Diffusion Models For Multi-Modal Generative Modeling
Changyou Chen, Han Ding, Bunyamin Sisman, Yi Xu, Ouye Xie, Benjamin Z. Yao, Son Dinh Tran, Belinda Zeng
TL;DR
This work extends diffusion models to multi-modal generation by embedding heterogeneous modality data into a shared diffusion space Z via encoders and training with a multi-task ELBO that integrates forward aggregation and modality-specific decoders. The MT-Diffusion framework derives joint forward and reverse processes, enabling simultaneous generation across modalities and conditional generation when some modalities are known. Empirical results on ImageNet across tasks such as masked-image training and joint image-label generation show improved training efficiency and competitive performance with flexibility to handle multiple modalities within a single model. This approach suggests a promising direction for unified, multi-modal generative modeling with potential benefits in data efficiency and cross-task transfer learning.
Abstract
Diffusion-based generative modeling has been achieving state-of-the-art results on various generation tasks. Most diffusion models, however, are limited to a single-generation modeling. Can we generalize diffusion models with the ability of multi-modal generative training for more generalizable modeling?
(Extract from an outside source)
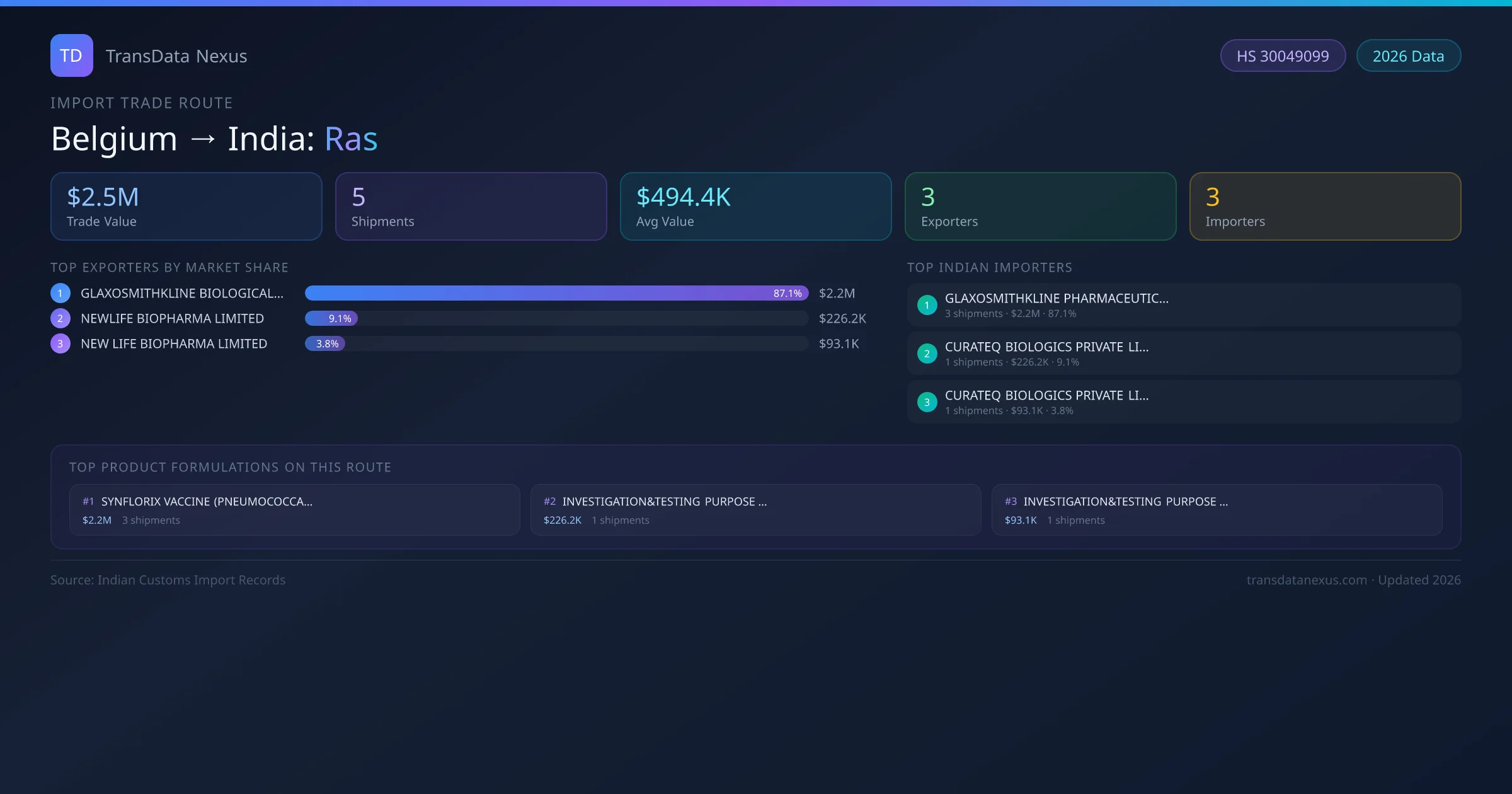 India has recorded 5 verified shipments of Ras imported from Belgium, representing a combined trade value of $2.5M USD. This corridor is served by 3 active Belgium exporters, with an average shipment value of $494.4K USD. The leading Belgium supplier is GLAXOSMITHKLINE BIOLOGICALS SA, which accounts for 87% of total import value with 3 shipments worth $2.2M USD. On the buying side, GLAXOSMITHKLINE PHARMACEUTICALS LIMITED is the largest Indian importer with $2.2M USD in purchases. The top 3 suppliers — GLAXOSMITHKLINE BIOLOGICALS SA, NEWLIFE BIOPHARMA LIMITED, NEW LIFE BIOPHARMA LIMITED — together control 100% of total trade value on this route. All data sourced from Indian Customs (DGFT) shipping bill of entry records. Values reported in FOB USD.
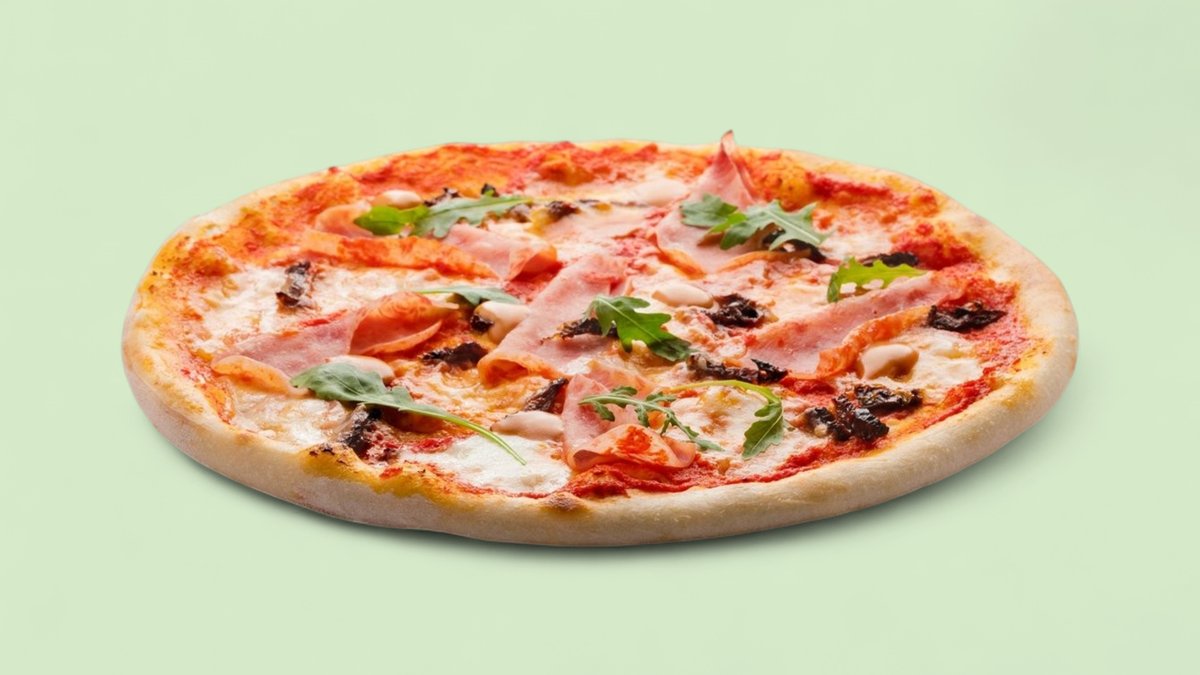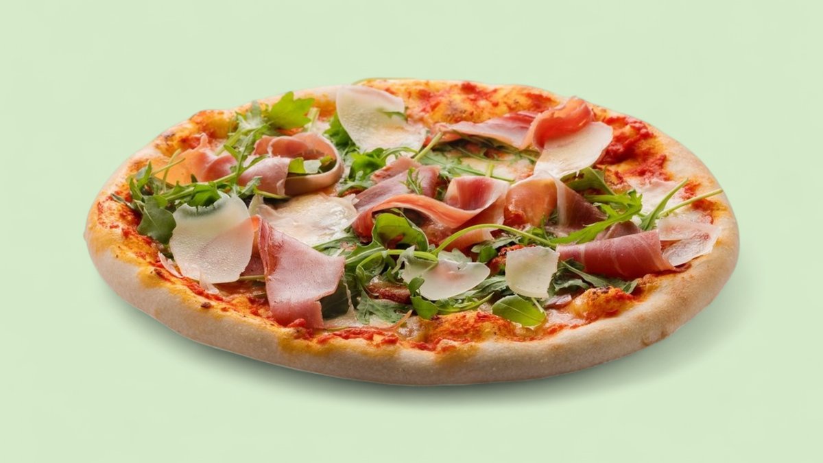 Tomatikaste, mozzarella, prosciutto sink, kõvajuust, rukola, isetehtud pestokaste.

In this paper, we propose a principled way to define a diffusion model by constructing a unified multi-modal diffusion model in a common diffusion space. We define the forward diffusion process to be driven by an information aggregation from multiple types of task-data, e.g., images for a generation task and labels for a classification task. In the reverse process, we enforce information sharing by parameterizing a shared backbone denoising network with additional modality-specific decoder heads. Such a structure can simultaneously learn to generate different types of multi-modal data with a multi-task loss, which is derived from a new multi-modal variational lower bound that generalizes the standard diffusion model. We propose several multimodal generation settings to verify our framework, including image transition, masked-image training, joint image-label and joint image-representation generative modeling. Extensive experimental results on ImageNet indicate the effectiveness of our framework for various multi-modal generative modeling, which we believe is an important research direction worthy of more future explorations.